Task requirements>
Retype exactly the lines from the one that contains "Card # 195374." through the end of the listing, both included, but not the pictures.

Available data>

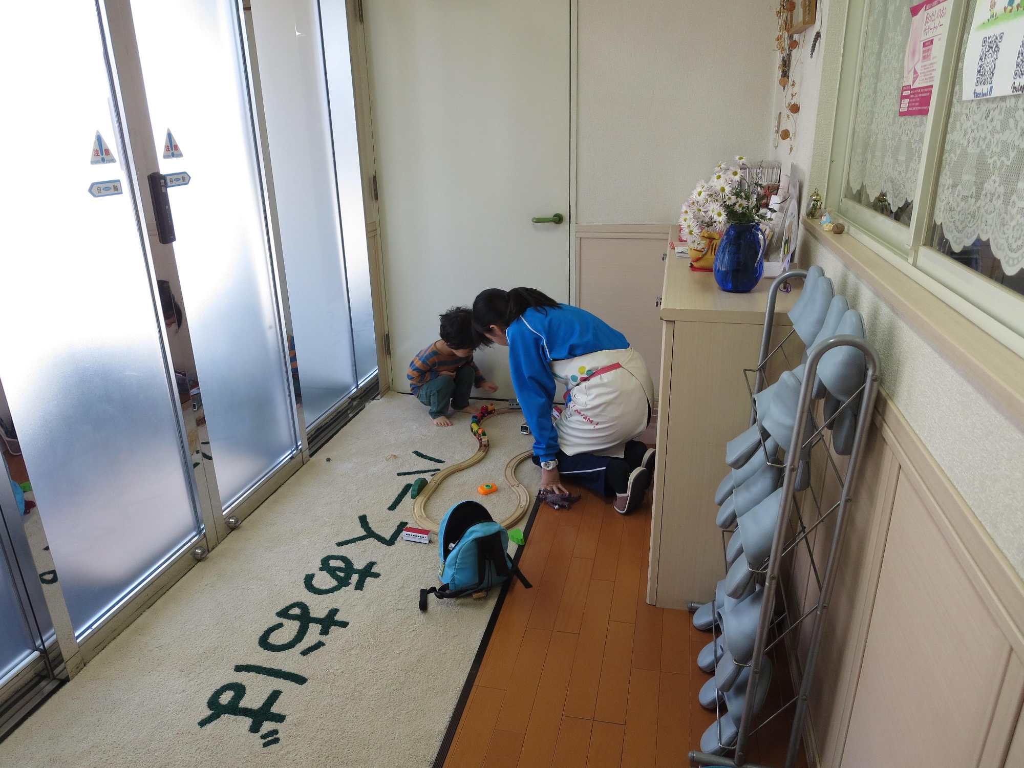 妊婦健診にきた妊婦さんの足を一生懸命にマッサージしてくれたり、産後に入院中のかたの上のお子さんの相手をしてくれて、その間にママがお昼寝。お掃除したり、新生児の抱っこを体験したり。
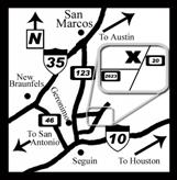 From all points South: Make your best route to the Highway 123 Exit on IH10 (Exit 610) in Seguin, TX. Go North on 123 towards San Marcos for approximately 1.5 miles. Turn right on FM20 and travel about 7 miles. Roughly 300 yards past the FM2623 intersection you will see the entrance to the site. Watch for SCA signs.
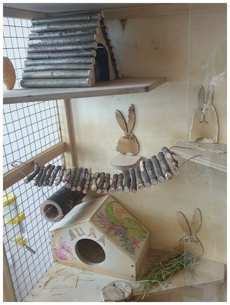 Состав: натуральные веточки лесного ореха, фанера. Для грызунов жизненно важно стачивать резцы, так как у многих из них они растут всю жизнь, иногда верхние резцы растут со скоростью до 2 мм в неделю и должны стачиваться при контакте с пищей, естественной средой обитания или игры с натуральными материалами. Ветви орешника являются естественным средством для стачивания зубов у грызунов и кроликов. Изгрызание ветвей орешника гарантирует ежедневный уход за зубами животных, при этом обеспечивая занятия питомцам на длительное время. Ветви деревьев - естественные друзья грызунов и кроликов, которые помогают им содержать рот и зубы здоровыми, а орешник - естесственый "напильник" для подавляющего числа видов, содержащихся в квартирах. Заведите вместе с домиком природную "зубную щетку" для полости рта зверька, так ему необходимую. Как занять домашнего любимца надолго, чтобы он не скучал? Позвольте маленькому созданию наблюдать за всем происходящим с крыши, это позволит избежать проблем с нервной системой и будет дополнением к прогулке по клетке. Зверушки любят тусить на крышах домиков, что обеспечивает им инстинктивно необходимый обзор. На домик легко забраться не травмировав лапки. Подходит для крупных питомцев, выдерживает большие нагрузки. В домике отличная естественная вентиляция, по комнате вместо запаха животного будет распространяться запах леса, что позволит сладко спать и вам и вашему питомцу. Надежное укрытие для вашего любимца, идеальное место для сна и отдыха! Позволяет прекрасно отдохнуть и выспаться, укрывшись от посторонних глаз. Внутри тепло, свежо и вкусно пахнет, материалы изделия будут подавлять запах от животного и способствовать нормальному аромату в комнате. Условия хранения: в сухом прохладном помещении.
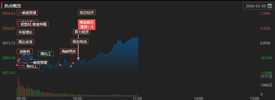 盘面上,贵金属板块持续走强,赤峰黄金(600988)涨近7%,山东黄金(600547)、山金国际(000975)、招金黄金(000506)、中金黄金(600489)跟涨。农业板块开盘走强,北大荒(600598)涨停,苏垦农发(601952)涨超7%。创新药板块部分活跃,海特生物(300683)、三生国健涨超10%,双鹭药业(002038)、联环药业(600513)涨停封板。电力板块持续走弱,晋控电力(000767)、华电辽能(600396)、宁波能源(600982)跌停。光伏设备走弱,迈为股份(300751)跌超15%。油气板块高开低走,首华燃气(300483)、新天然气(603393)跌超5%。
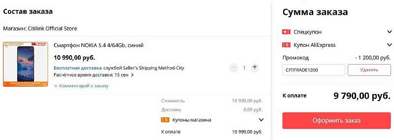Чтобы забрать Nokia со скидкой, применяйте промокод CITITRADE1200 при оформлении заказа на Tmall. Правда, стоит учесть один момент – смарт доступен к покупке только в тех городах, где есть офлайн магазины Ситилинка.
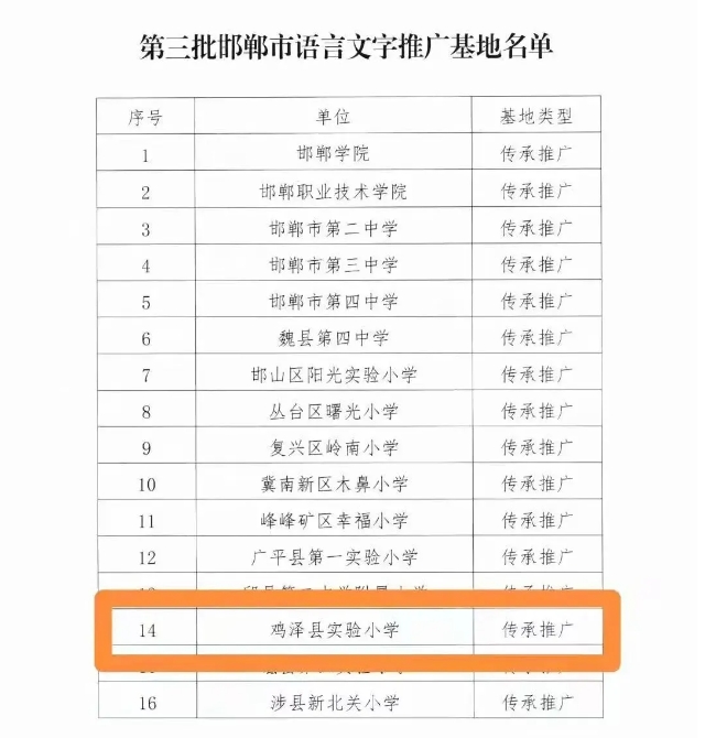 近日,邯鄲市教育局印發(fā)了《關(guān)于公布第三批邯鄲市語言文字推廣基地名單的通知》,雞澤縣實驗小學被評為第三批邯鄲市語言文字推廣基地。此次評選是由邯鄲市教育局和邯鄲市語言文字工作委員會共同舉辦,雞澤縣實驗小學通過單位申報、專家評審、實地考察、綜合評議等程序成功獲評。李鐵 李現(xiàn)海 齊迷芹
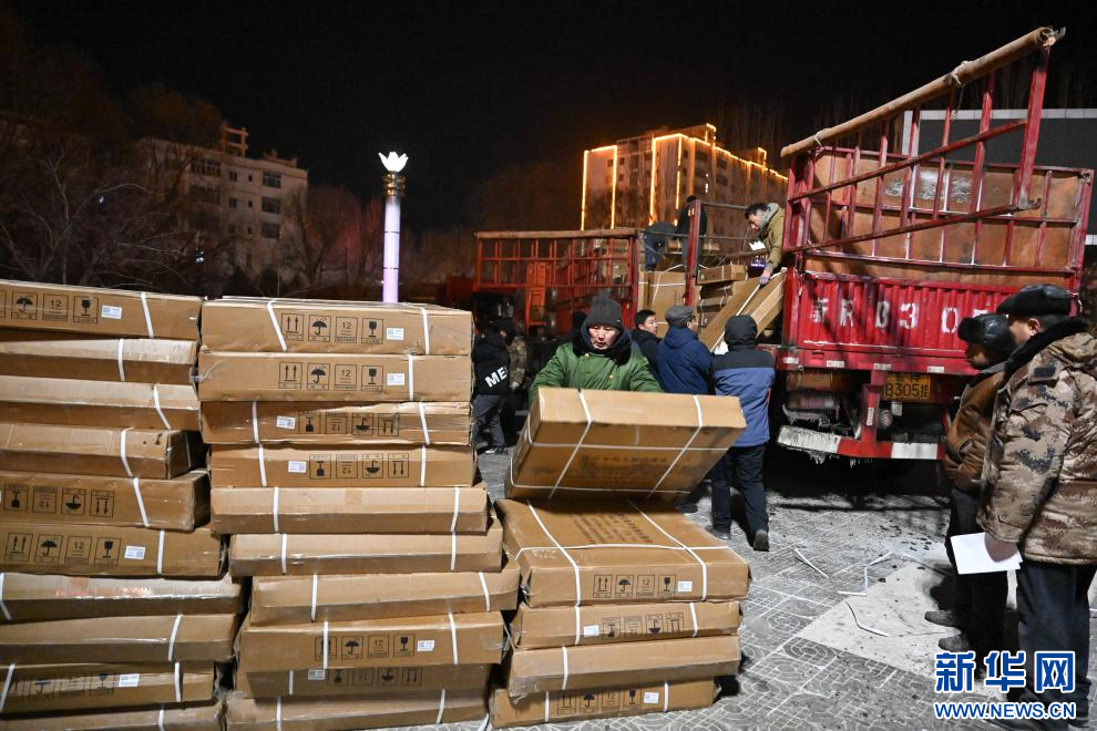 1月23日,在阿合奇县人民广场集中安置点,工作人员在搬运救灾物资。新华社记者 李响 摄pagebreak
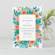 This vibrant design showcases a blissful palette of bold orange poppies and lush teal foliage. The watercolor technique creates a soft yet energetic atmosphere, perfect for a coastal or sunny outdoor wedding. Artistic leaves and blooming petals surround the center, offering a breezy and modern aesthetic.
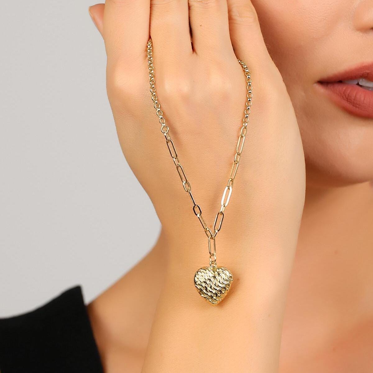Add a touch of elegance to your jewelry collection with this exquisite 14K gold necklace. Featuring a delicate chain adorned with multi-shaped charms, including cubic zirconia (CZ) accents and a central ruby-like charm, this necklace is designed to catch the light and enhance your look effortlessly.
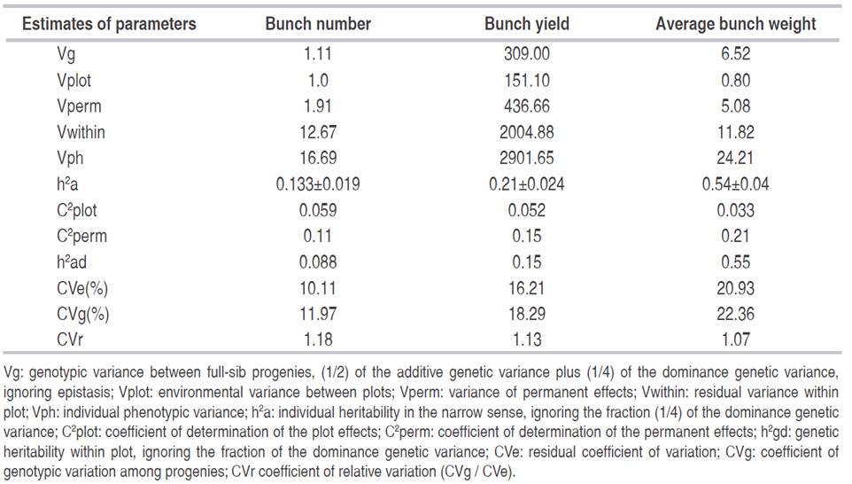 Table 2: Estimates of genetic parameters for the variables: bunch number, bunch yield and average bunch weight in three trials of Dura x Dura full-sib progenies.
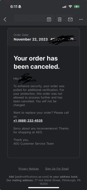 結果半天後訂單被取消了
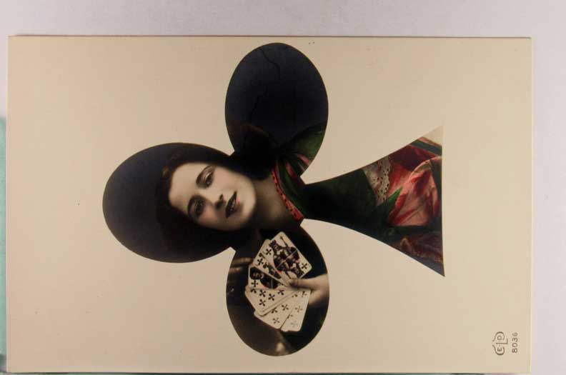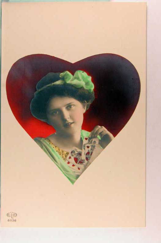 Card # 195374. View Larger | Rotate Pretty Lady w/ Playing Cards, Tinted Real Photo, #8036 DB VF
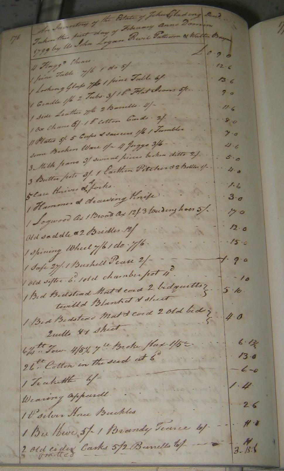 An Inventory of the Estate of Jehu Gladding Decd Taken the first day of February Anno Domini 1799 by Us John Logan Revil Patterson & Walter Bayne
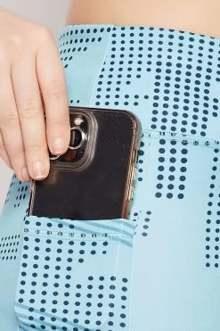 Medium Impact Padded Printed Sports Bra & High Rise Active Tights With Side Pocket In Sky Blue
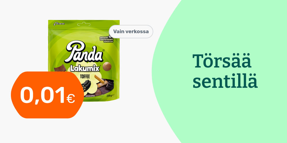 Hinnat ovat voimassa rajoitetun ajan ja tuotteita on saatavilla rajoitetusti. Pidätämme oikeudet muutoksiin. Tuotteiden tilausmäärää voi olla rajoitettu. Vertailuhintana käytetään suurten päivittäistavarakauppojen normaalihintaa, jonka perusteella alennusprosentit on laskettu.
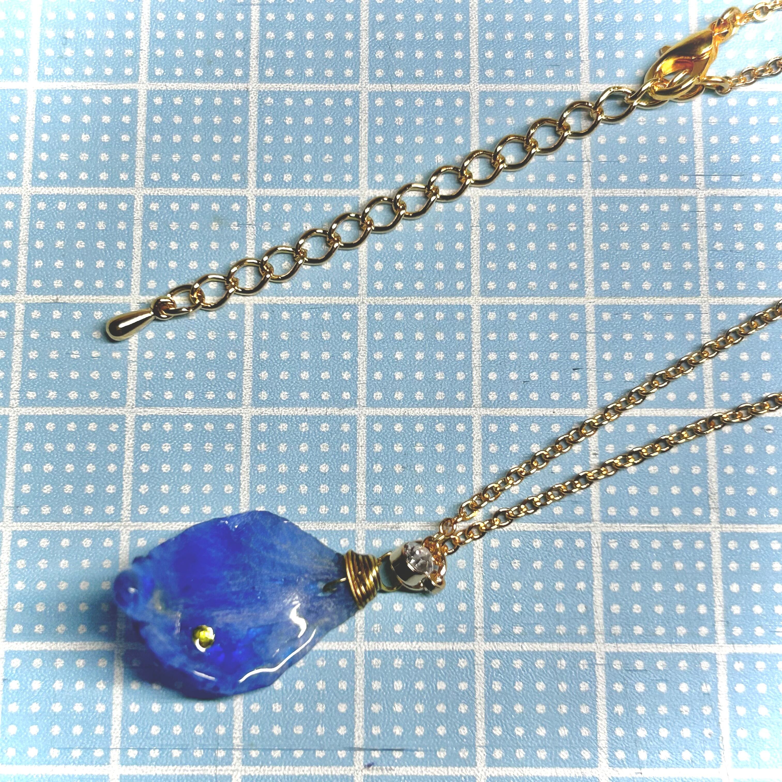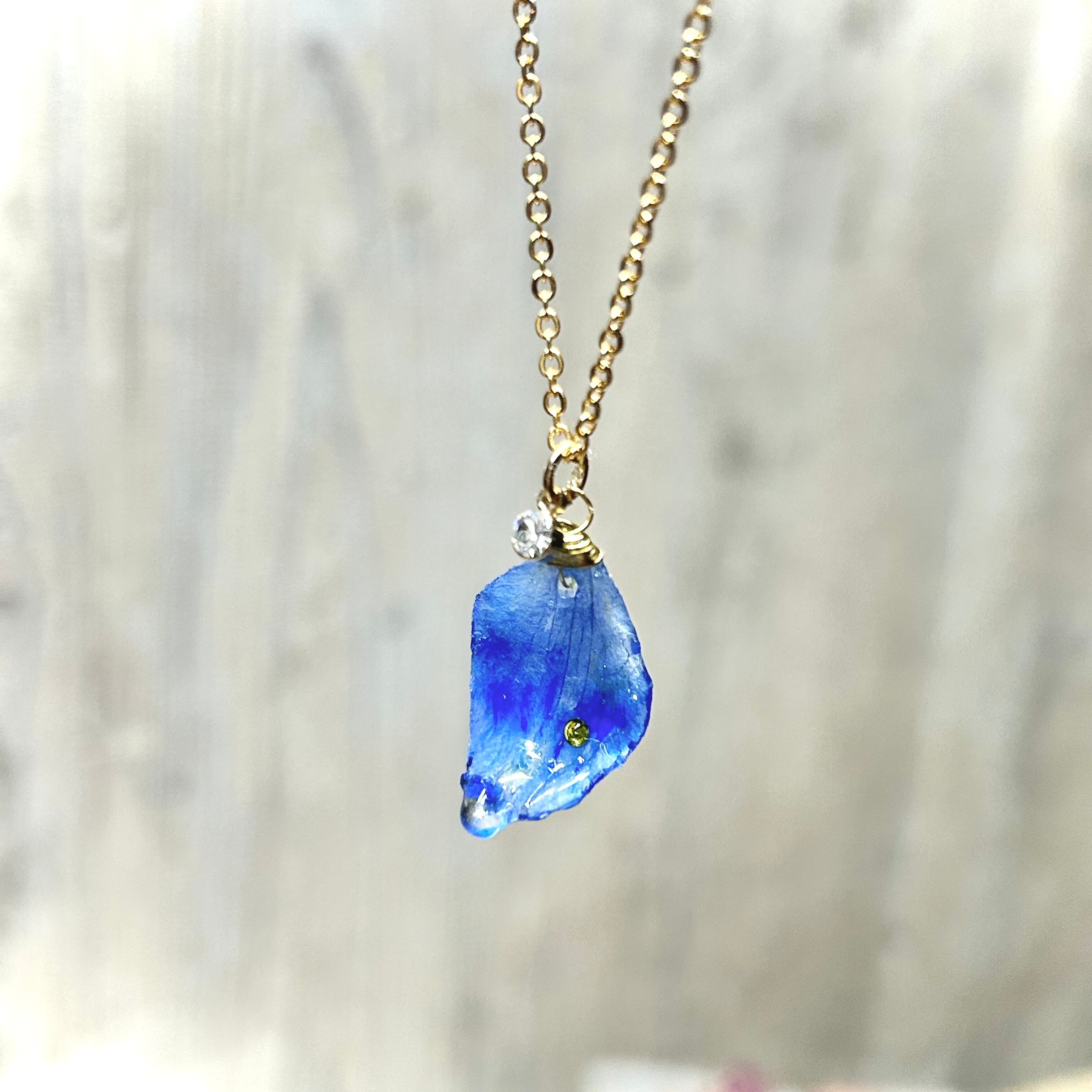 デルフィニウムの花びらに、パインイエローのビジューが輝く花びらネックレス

Exercise response>
 Card # 195374. View Larger | Rotate Pretty Lady w/ Playing Cards, Tinted Real Photo, #8036 DB VF
 An Inventory of the Estate of Jehu Gladding Decd Taken the first day of February Anno Domini 1799 by Us John Logan Revil Patterson & Walter Bayne
 Medium Impact Padded Printed Sports Bra & High Rise Active Tights With Side Pocket In Sky Blue
 Hinnat ovat voimassa rajoitetun ajan ja tuotteita on saatavilla rajoitetusti. Pidätämme oikeudet muutoksiin. Tuotteiden tilausmäärää voi olla rajoitettu. Vertailuhintana käytetään suurten päivittäistavarakauppojen normaalihintaa, jonka perusteella alennusprosentit on laskettu.
 デルフィニウムの花びらに、パインイエローのビジューが輝く花びらネックレス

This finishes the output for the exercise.